Discipline Categories

  • 5 Production and Operations

Keywords

  • liquid loading

Summary

This paper introduces an improved model for describing the liquid-loading process in gas wells. The model is an extension of the model proposed by Dousi et al. (2006).

The Dousi model handles the downhole inflow and outflow between the well and the reservoir in a simple manner. The new model improves this aspect and makes more-realistic and -detailed assumptions with respect to the production and injection interval. Analysis of the results this new model produces improves the understanding of the processes occurring downhole. This analysis can also be used to predict future behavior of the well in a more realistic fashion. As in the Dousi model, two typical flow rates could be found, with one at full production with all the fluids produced to the surface and the other one a metastable rate in which produced fluids are being reinjected into the reservoir. Field observations confirm the existence of two possible flow rates in many wells. The difference between the new model and the Dousi model is that changes in flow rates occur more slowly when liquid loading starts, reflecting the more-realistic inflow-performance assumptions.

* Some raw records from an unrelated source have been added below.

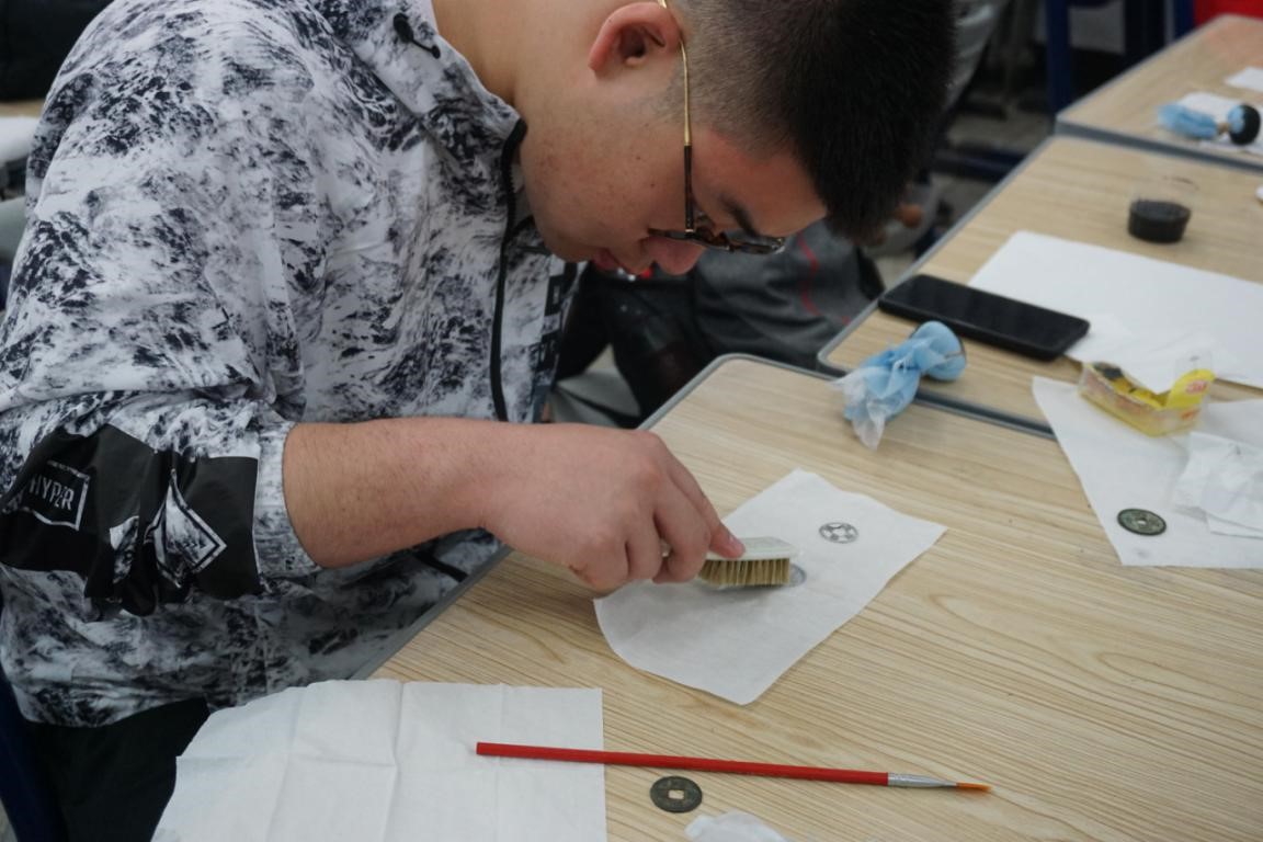 首先,2016级的博士生武松同学向大家介绍了拓印这种用以记录花纹和文字的技法。他解释到:拓印作为田野考古工作中一种不可缺少的记录手段,广泛应用于记录器物上的文字、花纹和图案,如用于记录甲骨文字、铜器铭文、墓志铭、古钱币、画像砖、画像石、瓦当、陶器纹饰等。武松学长还向大家介绍了拓印所具有的优点以及拓印所需要的工具。接下来,学长向大家系统地介绍了拓印的流程,并播放两段生动的拓印教学视频。最后,学长强调了拓印文物过程中不得对文物本体造成伤害,拓印是为了更好的展示与研究文物,某种意义上讲对文物亦是一种保护。国家文物局亦曾颁布《文物复制拓印管理办法》对文物拓印作了相关规定,大家日后走上工作岗位若涉及文物拓印工作,需严格遵循《文物复制拓印管理办法》。在大致了解了拓印的理论知识后,同学们在武松学长的指导下首先学习如何制作拓包,然后进行拓印铜钱的实践操作。期间虽然遇到了诸如宣纸无法紧贴器物、墨水洇渗等等问题,但在学长的帮助与指导下同学们最终还是成功拓印了自己手中的器物。
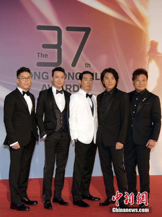 4月15日晚,第37届香港电影金像奖颁奖典礼在香港文化中心大剧院举行。经典电影“古惑仔”演员林晓峰(左起)、谢天华、陈小春、郑伊健、钱嘉乐踏上红地毯。
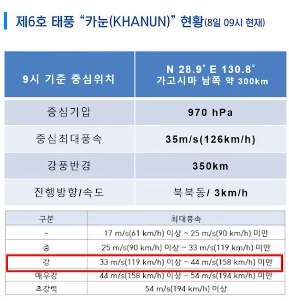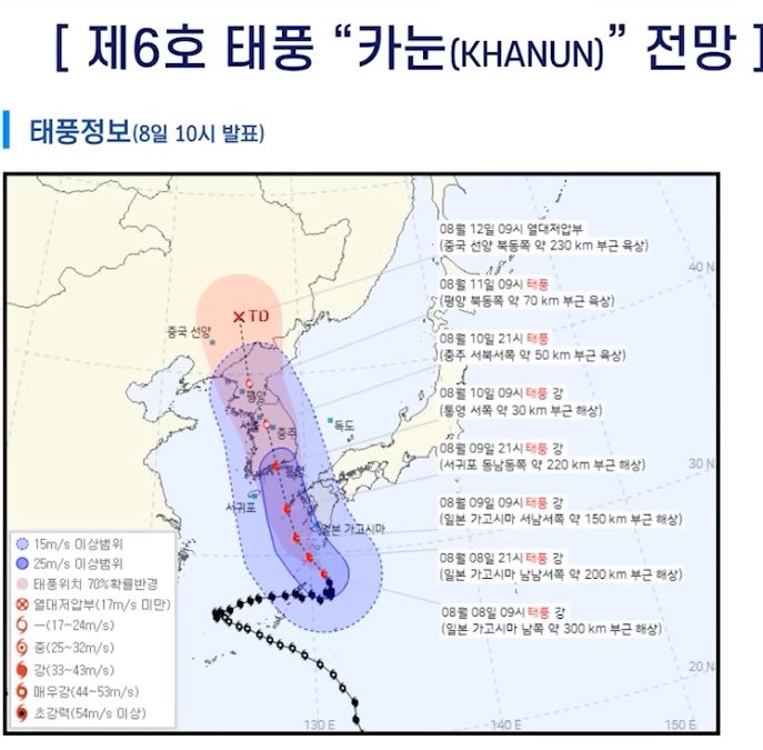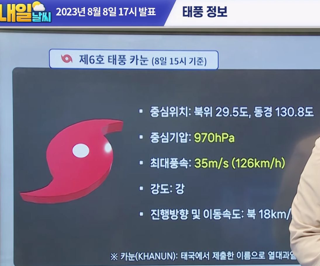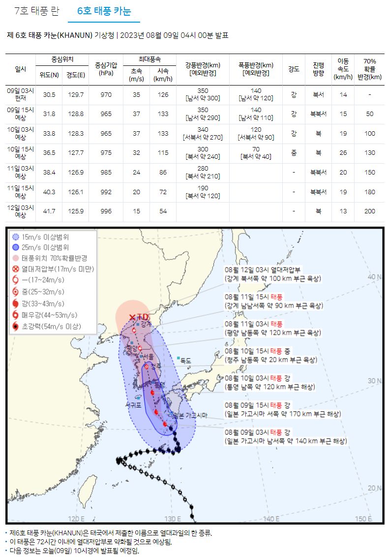 제 6호 태풍 카눈(KHANUN) 기상청 | 2023년 08월 09일 04시 00분 발표
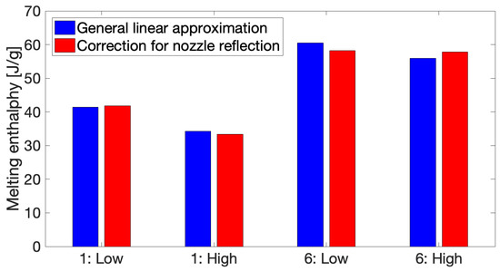 The effect of applying the linear approximation corrected for nozzle reflection on the melting enthalpies after simulation of the full thermal profiles.
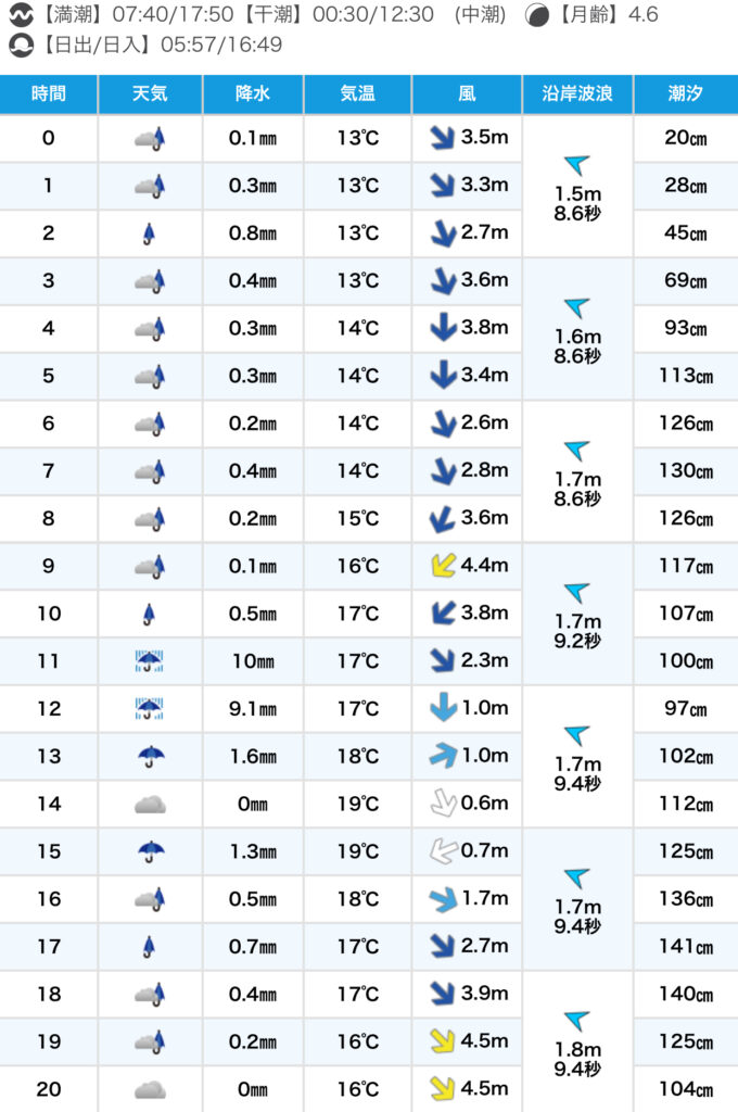 明日は風は弱まりそうだが、ハードコンディションが続きそう。 胸~肩セット頭のサイズ予想。

With this model, liquid-loading processes in the well can be understood better and predicted. This is important for optimization of well performance and for the economic assessment of the well and field.

Introduction

In maturing gas fields, liquid loading is a serious problem. The liquid-loading process occurs when the gas velocity within the well drops below a certain critical gas velocity. The gas is then unable to lift the water coproduced with the gas (either condensed or formation water) to surface. The water will fall back and accumulate downhole. A column is formed, which imposes a backpressure on the reservoir and, thus, reduces gas production. The process results eventually in intermittent gas production, and then the well dies.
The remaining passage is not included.